There were 629 households in Mound Bayou, of which 31.5% had children under the age of 18 living in them. Of all households, 13.8% were married-couple households, 24.3% were households with a male householder and no spouse or partner present, and 58.2% were households with a female householder and no spouse or partner present. About 39.2% of all households were made up of individuals and 13.9% had someone living alone who was 65 years of age or older.

There were 683 housing units, of which 7.9% were vacant. The homeowner vacancy rate was 1.1% and the rental vacancy rate was 4.3%.

===2010 census===
As of the 2010 United States census, there were 1,533 people living in the city. The racial makeup of the city was 98.0% Black, 0.9% White, 0.1% Asian and 0.1% from two or more races. 0.9% were Hispanic or Latino of any race.

===2000 census===
As of the census of 2000, there were 2,102 people, 687 households, and 504 families living in the city. The population density was 2,395.1 PD/sqmi. There were 723 housing units at an average density of 823.8 /sqmi. The racial makeup of the city was 98.43% African American, 0.05% Native American, 0.24% Asian, 0.81% White, 0.05% from other races, and 0.43% from two or more races. Hispanic or Latino of any race were 0.38% of the population.

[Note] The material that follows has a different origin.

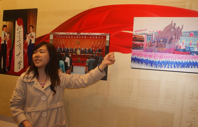 進入正門,“求真、立德、勤奮、創新”的校訓映入眼簾,其下鐫刻著慶祝建校60周年的前言。懷著崇敬而又好奇的心情,同學們在“導游”的帶領下對校史館進行了全面的參觀,進一步深化了對學校的了解。

There were 687 households, of which 38.4% had children younger than age 18 in them, 24.7% were married couples living together, 43.7% had a female householder with no husband present, and 26.5% were non-families. 24.7% of all households were made up of individuals, and 9.8% had someone living alone who was 65 years of age or older. The average household size was 3.06, and the average family size was 3.66.

In the city, the population was spread out, with 34.7% younger than age 18, 12.9% from ages 18 to 24, 23.5% from ages 25 to 44, 19.1% from ages 45 to 64, and 9.8% who were 65 or older. The median age was 27 years. For every 100 females, there were 78.3 males. For every 100 females age 18 and older, there were 67.6 males.

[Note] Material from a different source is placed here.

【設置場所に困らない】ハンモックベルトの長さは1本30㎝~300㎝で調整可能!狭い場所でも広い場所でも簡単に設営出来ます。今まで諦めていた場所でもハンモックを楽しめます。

The median income for a household in the city was $17,972, and the median income for a family was $19,770. Males had a median income of $21,700 versus $18,988 for females. The per capita income for the city was $8,227. About 41.9% of families and 45.6% of the population were below the poverty line, including 58.5% of those under age 18 and 34.5% of those age 65 and older.
==Education==
===Primary and secondary schools===
The city of Mound Bayou is served by the North Bolivar Consolidated School District, which operates I.T. Montgomery Elementary School in Mound Bayou and Northside High School in Shelby. The elementary school is named after Mound Bayou cofounder Isaiah T. Montgomery.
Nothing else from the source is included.